Labour's election victory on the lowest share of the vote has fuelled fresh calls from campaigners for proportional representation to be brought in.
Campaigners say the current system is unfair
Tony Blair won a Commons majority of 67 despite Labour winning little more than a third of votes nationwide.
The Conservatives won the biggest share of votes in England but secured nearly 100 fewer English seats than Labour.
PR campaigners say the system is a "travesty" but its supporters argue it ensures stable government.
New Liberal Democrat MP John Hemming on Tuesday led a small protest to Downing Street, with campaigners wearing gags to demonstrate against the unfairness of the existing system.
The UK uses a first past the post voting system which means a candidate simply has to win the most votes in their constituency, not a majority of the votes.
A proportional representation (PR) system would aim to elect MPs using the share of the votes cast for each party.
The election saw Labour win 36% of the votes across the UK but 55% of the seats in the House of Commons.
VOTES FOR GOVERNMENTS
1992: 14,093,007 (41.9%) for John Major's Tories
1997: 13,518,167 (43.2%) for Tony Blair's Labour
2001: 10,740,646 (40.7%) for Labour
2005: 9,556,183 (35.2%) for Labour
The Lib Dems secured 9.5% of the Commons seats on their 22% share of the national vote.

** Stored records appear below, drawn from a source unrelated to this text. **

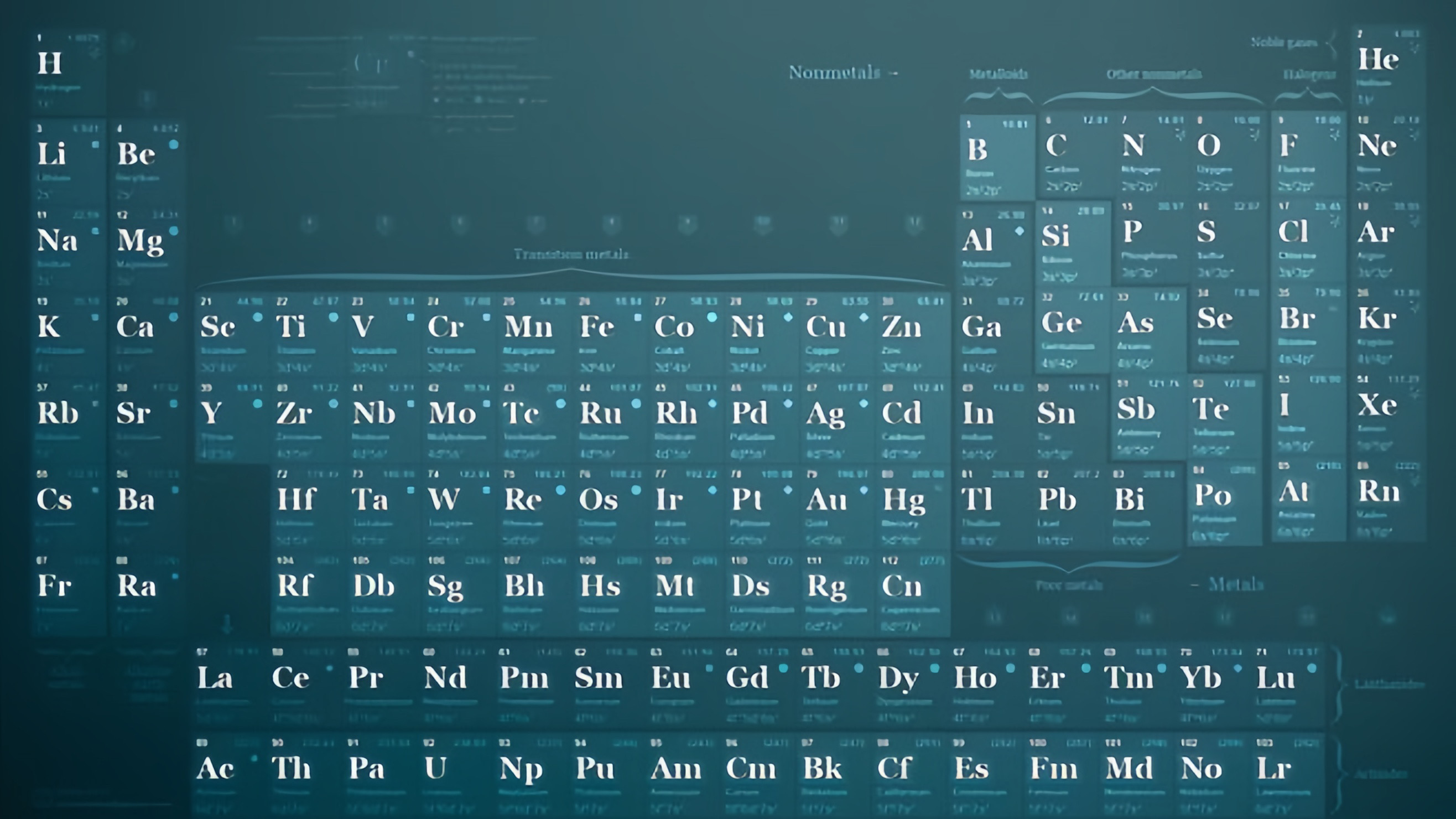 在元素周期表中原子序數決定了原子核所帶正電荷數。原子核極小,它的直徑在10-15 m~10-14 m之間,體積只占原子體積的幾千億分之一,在這極小的原子核里卻集中了 99.96 % 以上原子的質量,原子核的密度極大,核密度約為 1017 kg/m3。
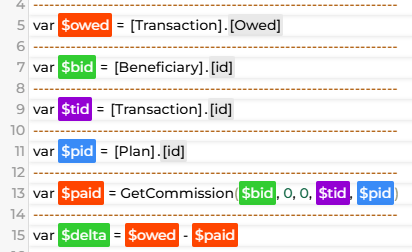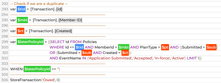 Using Sales Cookie, we can implement commission true-up logic. Each time, we will re-process ALL policies in your system, and calculate the difference between a/ what is owed (based on the latest facts) and b/ what has been paid (based on our “memory” of commissions). This true-up system is very useful when dealing with ever changing (corrected) insurance policy data. In the example below, we’re calculating the difference between what is owed and what has been paid so far to issue a true-up amount.
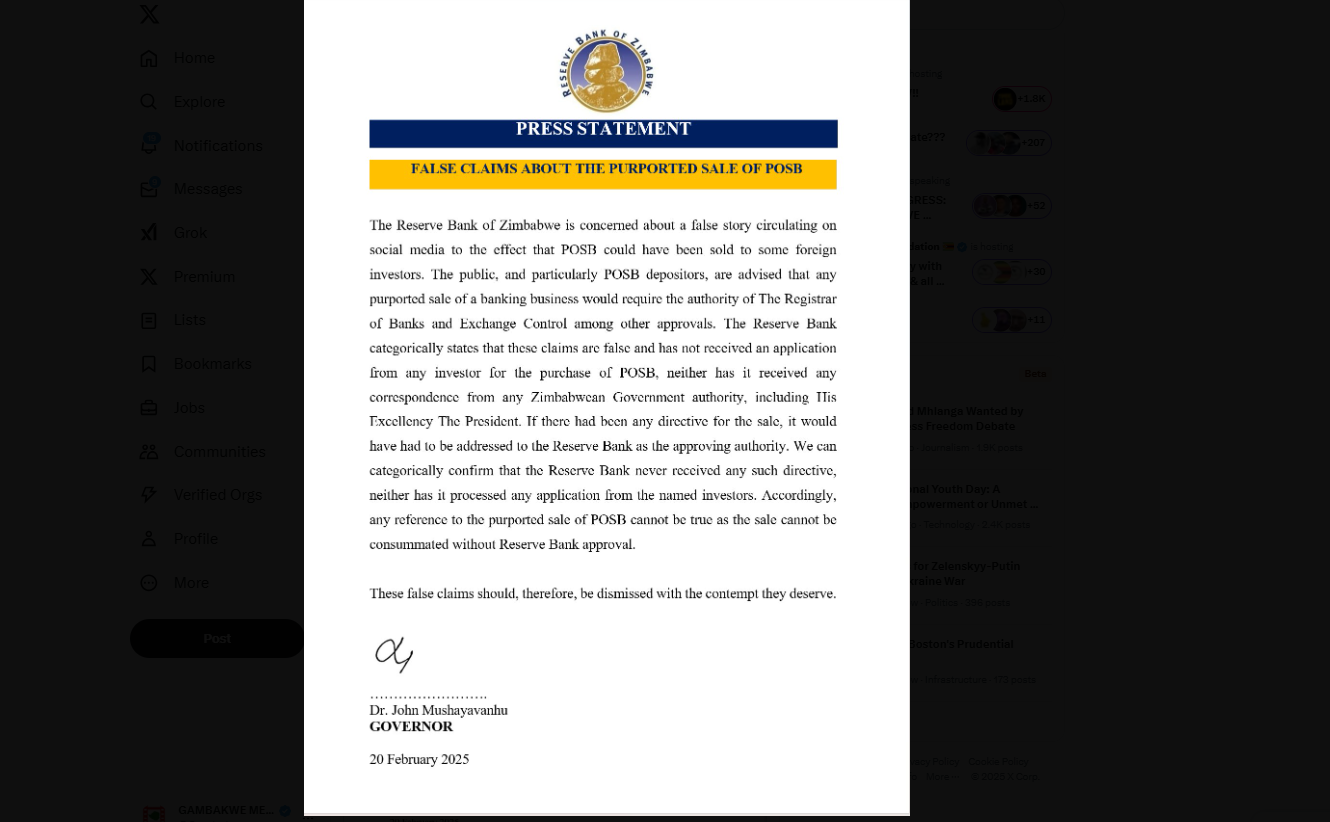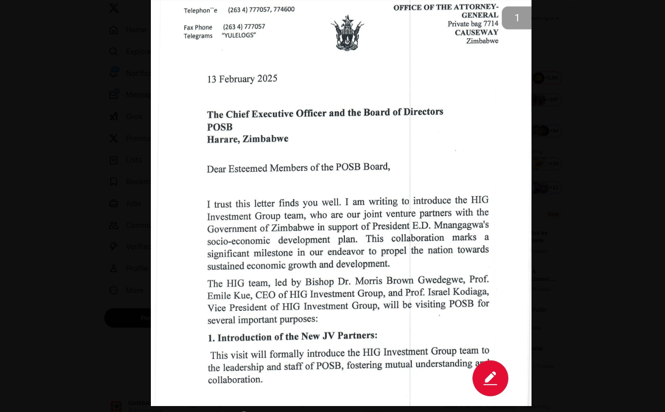 1. POSB has been sold to a consortium handpicked by Mnangagwa. The board of POSB Is chaired by Kenias Mafukidze, His deputy is Vongai Chiwaridzo. Other board members include Newton Demba, Michelle Hakata, Dennis Magaya, Anymore Taruvinga and Munyaradzi Chiura. Hebrew Investment Group (HIG) fronted by pro-Zanu PF cleric Morris Brown Gwedegwe.
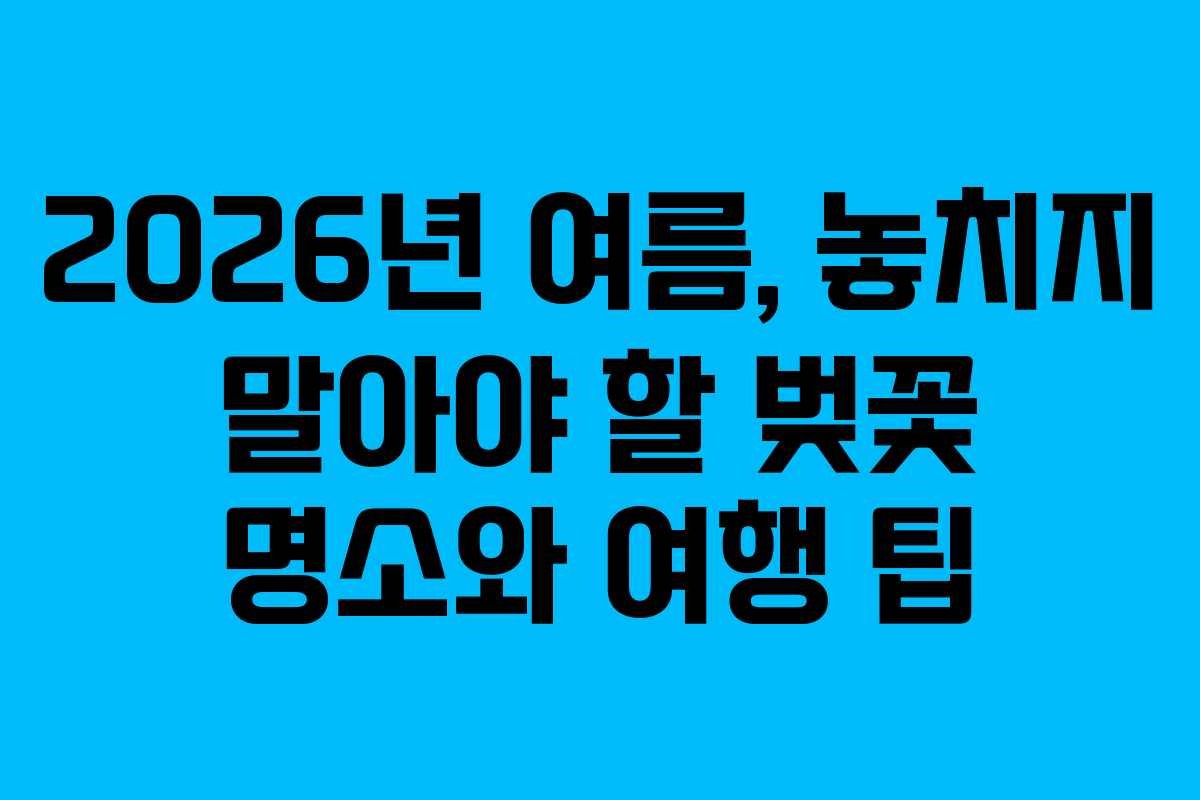 2026년 봄에는 놓치지 말고 벚꽃이 만개하는 순간을 즐기기 위해 가까운 벚꽃 명소를 방문해보세요. 서울, 부산, 제주 등에서 다양한 벚꽃을 만끽할 수 있는 장소가 많습니다. 여행을 떠나기 전에 개화 시기를 확인하고, 가장 아름다운 순간을 즐기세요.

In England, the Tories won 35.7% of the votes compared with the 35.4% won by Labour.
But Labour has 286 English seats and the Tories 193.
Labour peer Lord Lipsey, chairman of the Make Votes Count campaign group, asked how any government could claim to have a valid mandate when it was backed by only 36% of the 60% of possible voters who turned out.
"The British first-past-the-post electoral system has reduced the general election to a travesty of democracy," he said.
Alex Folkes, from the Electoral Reform Society, said the current system was biased against the Conservatives.
"Boundary changes that are due will help to correct some of that but not all," he said.
"We think the Conservative Party would do well to accept that probably the best way of them getting back into power in the immediate future is through a system of PR."
Lib Dem leader Charles Kennedy has said Labour's victory on a record low vote share raises "serious questions for democracy".
He says his party must return to the case for a fairer voting system in the wake of the election system.
The Lib Dems want larger constituencies electing six MPs on the basis of the share of the votes.
They would also use a single transferable vote system where voters put candidates in order of preference. If no candidate wins a majority of first choice votes, the second preference votes are counted.
The Conservatives have opposed PR in the past and their opposition does not look set to shift.
New Conservative MP Greg Hands said: "The system works, looking back over the last hundred years, Britain has had a good stable democracy, characterised by stable sometimes strong governments.
"That is what the system is designed to encourage."
Labour's election manifesto says the party will review the different election systems used in the European elections and polls for the Scottish Parliament and Welsh Assembly.
It says there should be a referendum on any proposed changes to the voting system for Westminster elections.
Mr Blair appointed a royal commission, headed by Lib Dem peer Lord Jenkins, to examine electoral reform in 1998 but no fundamental changes have followed.
The report proposed a system called Alternative Vote Plus, where as well as constituency MPs, there would be a top-up list to ensure a more accurate reflection of total votes cast.